Что там? Неужели мать, у которой умирает, а может, уже умерла дочь, так любопытна?
Зрачки прокалывали, зрачки змеились, зрачки ползли и вспыхивали. Зренье еще служило мне, и я тогда была ведь еще не старуха; так зачем я так подслеповато щурилась, зачем собирала собачьи складки на лбу, пытаясь разглядеть и запомнить?
Хлопает дверь в подъезде, внизу. Муж поймал машину, сунул деньги в мокрую руку шофера, много денег, и прорычал: «Жди!»
Зрачки обнимают черный лист, по нему вкось идет сумасшедший, веселый белый снег.
И за окном, и за балконной распахнутой дверью он тоже идет.
На рисунке черное небо. Белая стена. Ржавая труба. Черный дым из трубы.
Худая как палка женщина и девочка, у которой насквозь светятся ребра, крепко обнимаются. Покрывают последними поцелуями друг друга.
В открытую черную дверь тянутся, тянутся белые голые тела. Люди идут. Ноги их идут. Ноги идут. Идут.
Куда идут? Они идут в смерть.
А может, смерть – счастье для того, кто устал жить?
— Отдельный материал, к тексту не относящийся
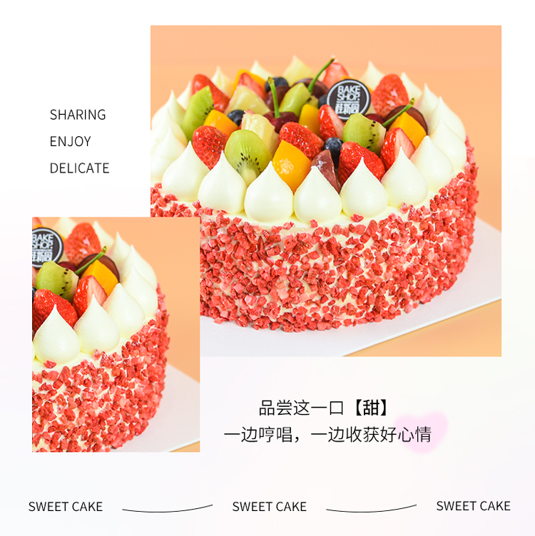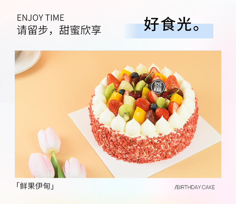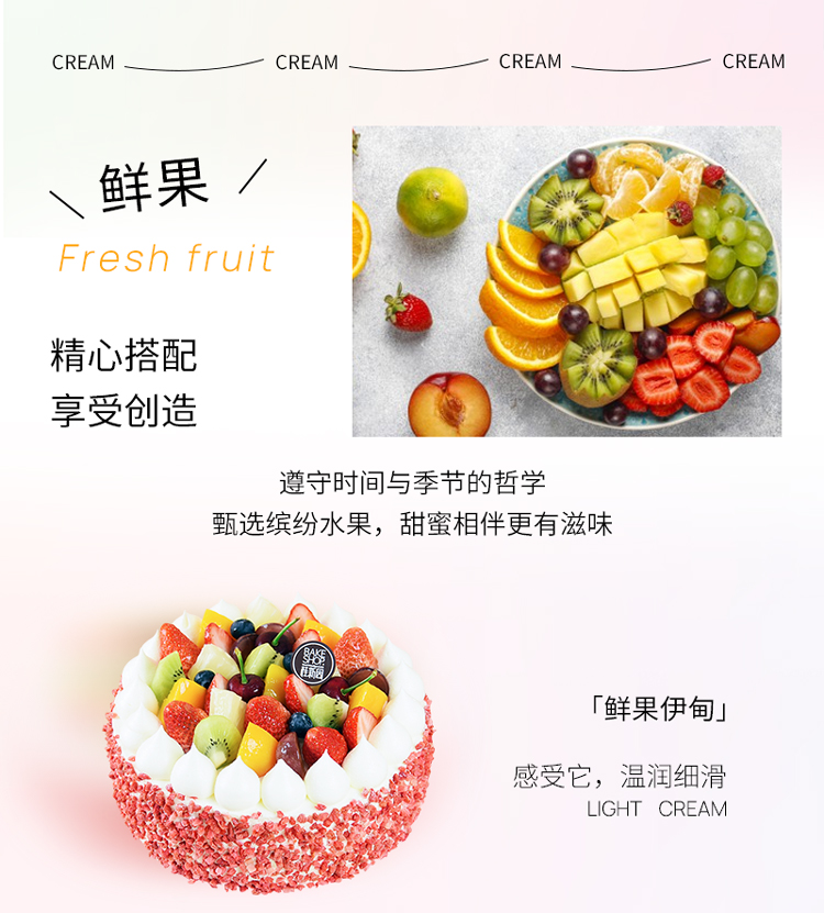 【鲜果伊甸】 时令鲜果生日蛋糕—纯乳脂与牛奶奶油混合,夹层口味升级,细腻香甜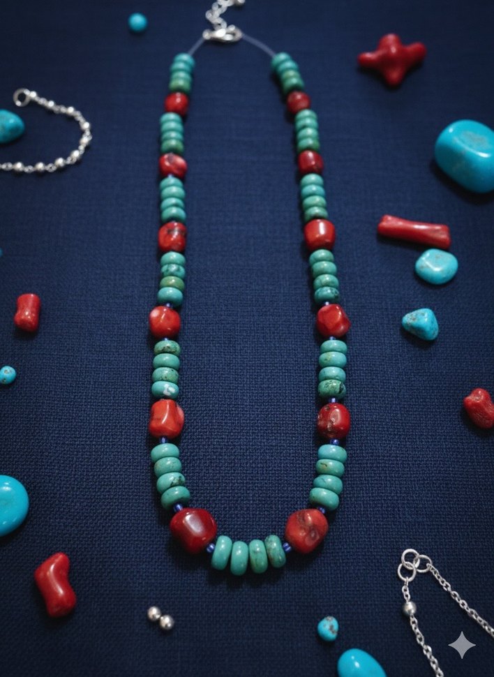 Uzun Turkuaz ve mercan Boncuklu Bohem Kolye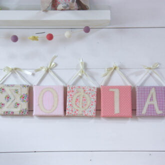 Η πιο ιδιαίτερη ιδέα για το όνομα του μωρού στο βρεφικό δωμάτιο! Καμβαδάκι 10×10εκ, με το κάθε γράμμα ξεχωριστά κεντημένο απλικέ σε αποχρώσεις του ροζ.Σε περίπτωση που θέλετε διαφορετικά χρώματα/υφάσματα επικοινωνήστε μαζί μας για να φτιάξετε τον δικό σας μοναδικό συνδιασμό! Οι υφες, τα υφάσματα και τα χρώματα που μπορείτε να χρησιμοποιήσετε, άπειρα! Κάθε καμβαδάκι κρεμιέται με σατέν κορδελάκι και τα υφάσματα που χρησιμοποιούμε είναι βαμβακερά.

Мама, шепчет дочка женщине, мама, ты только не бойся, они нас до конца не убьют, что-то ведь останется после нас, что-то будет, ведь что-то, что-то наше, живое, навсегда, дай я вытру слезки твои, не надо так, мы просто будем с тобой очень крепко держаться за руки, очень крепко, я знаю, они все врут про то, что это помывка, это не баня, там пускают газ, я знаю, так ты вдохни сразу глубоко, очень глубоко, и мы просто уснем, слышишь, уснем, а потом проснемся в раю, ты же сама учила меня: молись, и ты будешь в раю!.. и вот я все молюсь, молюсь, а вместо рая будет черный дым, и мы с ним улетим, но зато какая воля, простор какой, и мороз вместо слез, и звезды, и деревья внизу, и белые поля, и люди маленькие, мышки или жучки, лиц не различить, взрослые или детки, с высоты не понять, мамочка, не плачь, мамочка, идем, мамочка, зачем, мамочка!.. смотри!
Я посмотрела на тебя, доченька моя. На твое личико, тебе в глазки. Глаза уже не видели, лицо посинело.